Félix can let it fly and just shove, like he's wanted to all along, like he's done all along. No detailed game plans, no morphing into Righthanded Jamie Moyer with guile and speed changes, no suddenly developing new pitches or finding a knuckleball or somedamnthing. His world can narrow down to fastball, cambio, royal curve. He can possibly add 1 - 2 mph on his FB, and with some panting and wheezing he could have it in a 2013-ish 92mph range.
Toss in the Félix Twist, hide that ball, and let him huck it up there hard enough to make his crooked cap fly off again like it did when he was a pudgy 19-year-old wunderkind. (Which I just now initially mistyped as "wunderking", which is some sort of sign I'm sure.)
Yes, a 27 million dollar closer on a 75-win team is... inventive. But unless he's going to magically restructure his contract to extend to 2021 at 9m/year, or otherwise 'give it back', it is what it is. Dipoto wisely said in a recent interview that out of respect to Félix's career, Félix is not going to get released over the winter and should have every chance to be on the team.

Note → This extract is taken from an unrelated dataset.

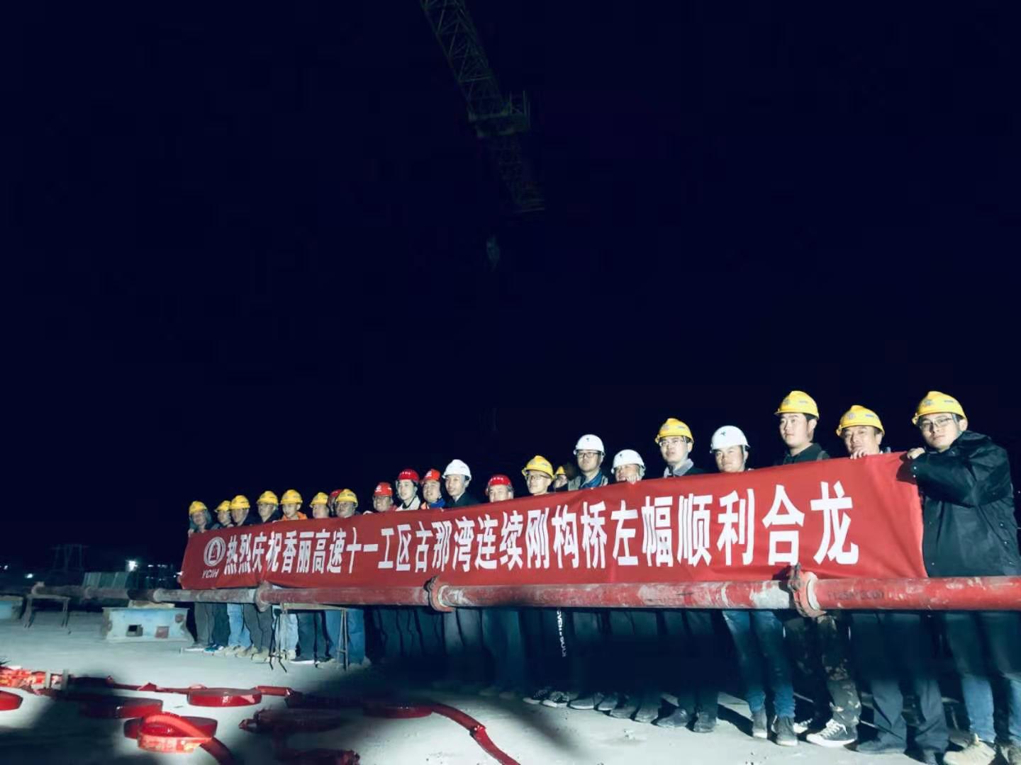 12月7日晚上21时,云南建投香丽高速古那湾大桥上施工人员冒着严寒,在灯光的照耀下对大桥左幅拉开了合龙浇筑的序幕,连续奋战5个半个小时后,8日凌晨2时30分,大桥左幅实现合龙,这标志着大桥主桥顺利合龙。

Why not acknowledge the financial reality, avoid distracting drama and throw your fanbase a bone (the ones who haven't left after trading Robbie, or after burning down the Maple Grove)?
- The roster space isn't badly needed. If anything, it's "blocking" other potential starters, and taxing the whole bullpen, to run him out there for 5ish innings every 5 days.
- The money won't be recouped.
- If he's more of the same performance-wise then you weren't going to see much value from him anyway.
- If he's starting to figure something out, maybe he can go for one last free agent contract.
- If a miracle happens, trade him to a contender in early August and let the man have one more chance at a ring. Use him!
Karmically, a closer role is something of a farewell tour with Félix's Greatest Hits:
- The man who had entrance music for King's Court, can now have closer's entrance music almost every night at home.
- This day and age is not a great one for masses of people to be chanting "K! K! K!" in public, but it's been part of the Félix Experience and even more fitting now that his job would reduce down to just getting strikeouts. (See point about not trying to be Moyer.)
- During the leanest years of this century so far, a common joke whenever the M's would actually score first would be some variant of "well, one run, there's your run support, go get em Félix". Now he will be guaranteed to be coming IN with a lead, pretty much every time.
- Fairly or no, the M's seemed to put a lot of 2018 on Félix, expecting that a playoff run would in large part come from a resurgence from him. Félix wants responsibility. The M's want a scapegoat. The closer role is about as purely "the game is yours now, we lose it's on you" as you can get in a team game like this.